High-Throughput Calculation

High-Throughput 123

With the exponential growth of computing power and steady progress of understanding the condensed systems at the electronic level, we are entering the age of high-throughput calculations, which quickly conduct thousands of well classed systems for a specific functional material, and finally aiming to the era of material genome initiate (MGI).

Half-metallic Materials: We found that CoMnTe and FeMnTe are the most robust half-metallic (HM) ferromagnetic alloys among the 90 studied alloys, with HM gaps of 0.42 and 0.61 eV, respectively, larger than that of any Heusler or half-Heusler alloys reported in the literature. They are also robust under large in-plane strains.

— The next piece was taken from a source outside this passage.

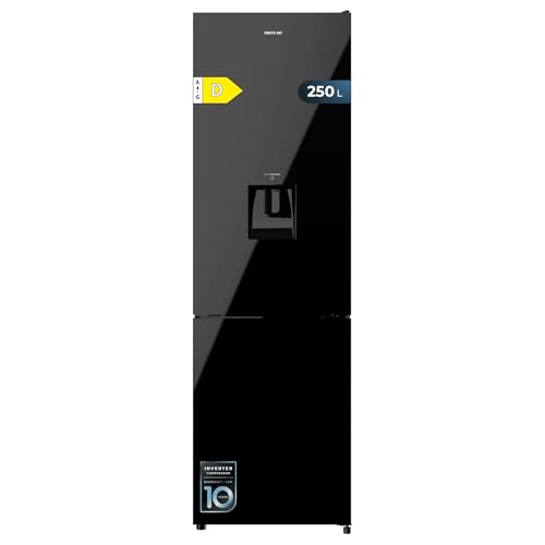 Cecotec Réfrigérateur combiné Bolero CoolMarket Combi 250 WD Black Glass D. Capacité de 250L, classe D, compresseur Inverter, Total No Frost, porte réversible, distributeur d'eau et LED intérieure.

Insulators: We have performed ab initio bandstructure calculations on more than 2000 half-Heusler compounds in order to search for new candidates for topological insulators. Herein, LiAuS and NaAuS are found to be the strongest topological insulators with the bulk band gaps of 0.20 and 0.19 eV, respectively, different from the zero band-gap feature reported in other Heusler topological insulators. Moreover, these topological surface states exhibit the right-hand spin texture in the upper Dirac cone, which distinguishes them from currently known topological insulator materials. Their topological nontrivial character remains robust against in-plane strains, which makes them suitable for epitaxial growth of films.

Boron Clusters: We haveperformed high-throughput screening for possible B clusters through the first-principles calculations, including various shapes and distributions of vacancies. As a result, we have determined the structures of Bn clusters with n = 30–51 and found a stable planar cluster of B49 with a double-hexagon vacancy. Considering the 8-electron rule and the electron delocalization, a concise model for the distribution of the 2c–2e and 3c–2e bonds has been proposed to explain the stability of B planar clusters, as well as the reported B cages.

Referrence

1. Materials Genome Initiative for Global Competitiveness, The White House, June, 2011.
2. Shi-Yuan Lin, et al., J. Mag. Mag. Mat. 350, 119 (2014).
3. Shi-Yuan Lin, et al., Phys. Rev. B 91, 094107 (2015).
4. Shao-Gang Xu, et al., J. Chem. Phys., 142, 214307 (2015).